As the charismatic anarchist Tyler Durden in subversive street brawling movie Fight Club, Brad Pitt delivers the line, "Only after disaster can we be resurrected. It’s only after you’ve lost everything that you’re free to do anything."

It’s a quote the 56-year-old might well reflect on as he polishes his latest Oscar while sipping a (these days, soft) drink and watching his bank balance edge over the US$300 million mark.

There’s no doubt that the past few years have been some of Brad’s rockiest yet. In fact, just four years ago, his personal life and career appeared to be in freefall after his marriage to fellow actor and activist Angelina Jolie collapsed in a media frenzy. Allegations of alcohol and marijuana abuse led to an ugly custody battle while unsubstantiated rumours of infidelity and even an FBI child abuse investigation after an incident with his eldest son, Maddox, then 15, on an airplane hit the headlines and TV news around the world.

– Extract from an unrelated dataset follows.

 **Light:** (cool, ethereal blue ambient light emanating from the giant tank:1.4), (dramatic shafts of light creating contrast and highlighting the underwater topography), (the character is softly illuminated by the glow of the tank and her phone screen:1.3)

No charges were brought, but Pitt’s reputation was in tatters. His fans had just about forgiven him for dumping first wife Jennifer Aniston for Jolie, but exoneration would be a tougher sell this time around. As Pitt himself puts it, certain things in his life had become "a problem".

Brad Pitt (right) at a 2007 press conference in New Orleans, Louisiana revealing Pitt’s plans to spend US$12 million with his ‘Make It Right Project’ for ecologically sustainable homes to be built in the aftermath of Hurricane Katrina

"I can’t remember a day since I got out of college when I wasn’t boozing or had a spliff, or something," he said at the time. "I mean, I stopped everything except boozing when I started my family. But even this last year, you know—things I wasn’t dealing with. I was boozing too much."

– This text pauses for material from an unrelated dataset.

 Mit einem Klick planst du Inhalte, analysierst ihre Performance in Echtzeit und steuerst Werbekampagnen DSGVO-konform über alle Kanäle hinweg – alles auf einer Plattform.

"We may have been created equal, but we're not born equal. It’s a lot to do with luck and you have to pass that on."

Fast forward to January 2020 and there stood Pitt on the stage of LA’s Dolby Theatre grasping the Academy Award for Best Supporting Actor in Once Upon a Time in… Hollywood (his first Oscar in 2014 was as producer for 12 Years a Slave). He was laconic, charming, heartfelt and funny, his reincarnation to acting royalty complete as he reminded the audience that there’s a lot more to him than salacious gossip and a pretty face.

Having deliberately taken time away from the limelight to focus on his children, his health, and his skills behind the camera, winning that second Oscar means Pitt has once more emerged victorious. Not bad for a boy from Missouri.

And while everyone remembers the first rule of Fight Club, maybe the second is to pick yourself up, no matter how hard you’ve been punched in the gut.

ONE: The Campaign to Make Poverty History. U2’s Bono, Brad Pitt and actor Djimon Hounsou

For those in the know, Pitt is renowned as not only one of the most astute businessmen in the notoriously cutthroat film industry, with an unrivalled instinct for box office success as well as critical acclaim, but also as a globe-trotting philanthropist who has championed environmental causes for the entirety of his career.

Not that Pitt’s one to shout about his altruistic ventures saying, "In Missouri, we don’t talk about what we do – we just do it. If we talk about it, it’s seen as bragging."

And "just doing it" is exactly how Pitt has always played it.

He supported the ONE Campaign to fight poverty and AIDS in sub-Saharan Africa and, with George Clooney and Matt Damon, founded Not On Our Watch, aimed at preventing ‘mass atrocities’. It wasn’t only his star power, it was his drive and dogged refusal to give up that impressed world leaders, major fundraisers and relief organisations.

After the devastation of Hurricane Katrina in 2005, he created the Make It Right Foundation, writing a personal cheque for US$5 million to help bankroll the construction of sustainable and affordable housing in New Orleans, and enable architects and builders to work together.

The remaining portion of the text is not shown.